Il y a ces joies sommes toutes factices que notre monde contemporain entretient. Comme une caricature de la joie qui n’est autre qu’une incitation à une excitation permanente entretenue par une agitation somme tout très mondaine faite de smiles, de pouces levés, de stations de radio comme Rires et chansons, de plateaux télé ou d’émissions qui ne recherchent rien d’autre que les rires graveleux de la moquerie et de l’humiliation. Cette forme de joie, cette injonction à devoir être toujours joyeux, voudrait ne jamais voir la réalité en face et justement donne d’être totalement désemparé devant la réalité de la maladie, de la mort, de la peine.

Cette joie de vivre nous est comme plaquée comme un vernis qui craquèle avec le temps et ses aléas. Cette joie elle est extérieure à nous-mêmes, au-delà de nous et non pas au-dedans de nous. C’est l’expérience de conversion de notre Père Saint Augustin qu’il rapporte dans son ouvrage « les Confessions » :

Bien tard je t’ai aimée, ô beauté si ancienne et si nouvelle, bien tard je t’ai aimée ! Et voici que tu étais au-dedans, et moi au-dehors et c’est là que je te cherchais, et sur la grâce de ces choses que tu as faites, pauvre disgracié, je me ruais ! Tu étais avec moi et je n’étais pas avec toi ; elles me retenaient loin de toi, ces choses qui pourtant, si elles n’existaient pas en toi, n’existeraient pas ! Tu as appelé, tu as crié et tu as brisé ma surdité ; tu as brillé, tu as resplendi et tu as dissipé ma cécité ; tu as embaumé, j’ai respiré et haletant j’aspire à toi ; j’ai goûté, et j’ai faim et j’ai soif ; tu m’as touché, et je me suis enflammé pour ta paix.[1]

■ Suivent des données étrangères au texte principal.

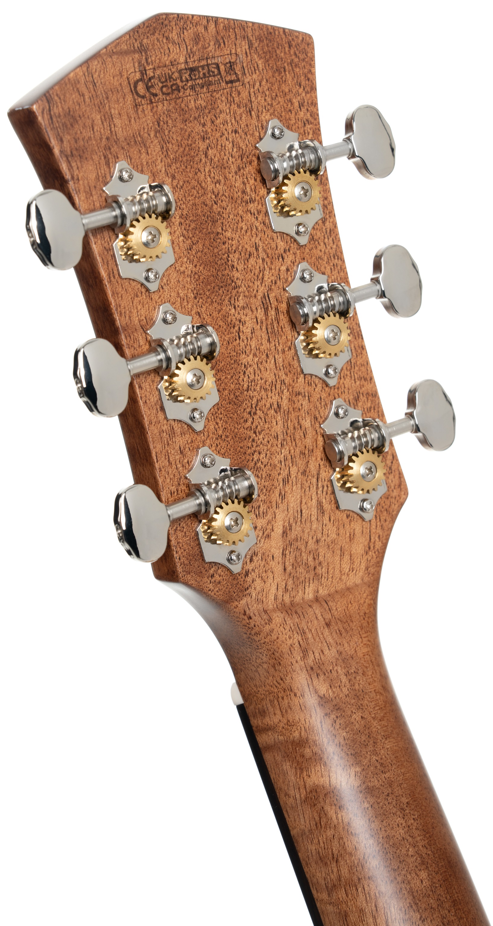 Elektroakustická gitara Elektroakustickou gitarou Core MC Ovangkol BTSG povstáva z popola séria Core spoločnosti Cort. Môžete sa tešiť na návrat cenovo dostupných celomasívnych gitár so striedmejším dizajnom, kde ornamentálne prvky plne kompenzuje prirodzený akustický zvuk a dobrá hrateľnosť. Kompaktnejšie telo Core MC Ovangkol BTSG je vyrobené z masívneho cédru (predná doska) a masívneho ovangkolu (zadná doska a luby). Rez

Dans notre chemin d’avent frères et sœurs entrons dans cette joie qui vient de la vision d’un monde en devenir, d’un royaume qui chaque jour se construit, mais pas sans notre participation. Notre participation c’est notre foi en ce Dieu qui se fait homme à la crèche et qui œuvre au salut pour notre salut, même si cela échappe peut-être à nos yeux tout humain « car les aveugles retrouvent la vue ».

Acceptons d’entrer dans une croissance nouvelle, oui nous sommes certainement dans des épreuves chacun à notre niveau, comme l’Eglise, comme le monde, mais elles nous offrent d’entrer dans une vie nouvelle si nous choisissons de faire confiance, de cette confiance qui nous donne de croître au-delà de ce que nous pouvons, ou pourrions imaginer « Le plus petit dans le Royaume des cieux est plus grand que lui. ». La perspective du Royaume de Dieu nous fait progresser dans une confiance renouvelée.

Entrons dans cette croissance nouvelle. Nous sommes dans des épreuves qui nous font entrer dans une vie nouvelle. Les rencontres de Jésus nous sont données pour affronter demain. Eclairés par lui, tout devient possible. Cette confiance nous donne de croître au-delà de ce que nous pourrions imaginer. Nous sommes ce « plus petit » qui n’est plus seul. En lui, Jésus se donne et se reçoit sans cesse. Ainsi nous pouvons louer Dieu par tout ce qui advient. Vivons de cette petitesse en recevant ce qui nous est donné. Nous pourrons alors témoigner dans la nuit de la foi que Jésus est glorifié sans cesse par notre vie.

Demain matin quand on vous demandera comment ça va, ne répondez pas « ça va comme un lundi », mais « ça va comme un chrétien » joyeux porteur d’une espérance, germe de vie, anticipation du Royaume.

« Quelle joie de vous voir », frères et sœurs ! Fallait-il ce matin attendre quelqu’un d’autre, autre que celui qui va se donner dans l’hostie dans quelques instants et de communier à son corps.

« Quelle joie Seigneur de voir »

« Quelle joie Seigneur de te voir à l’œuvre dans nos vies »

« Quelle joie Seigneur de te voir en chacun de nous »

« Quelle joie Seigneur de te rendre présent à tous ».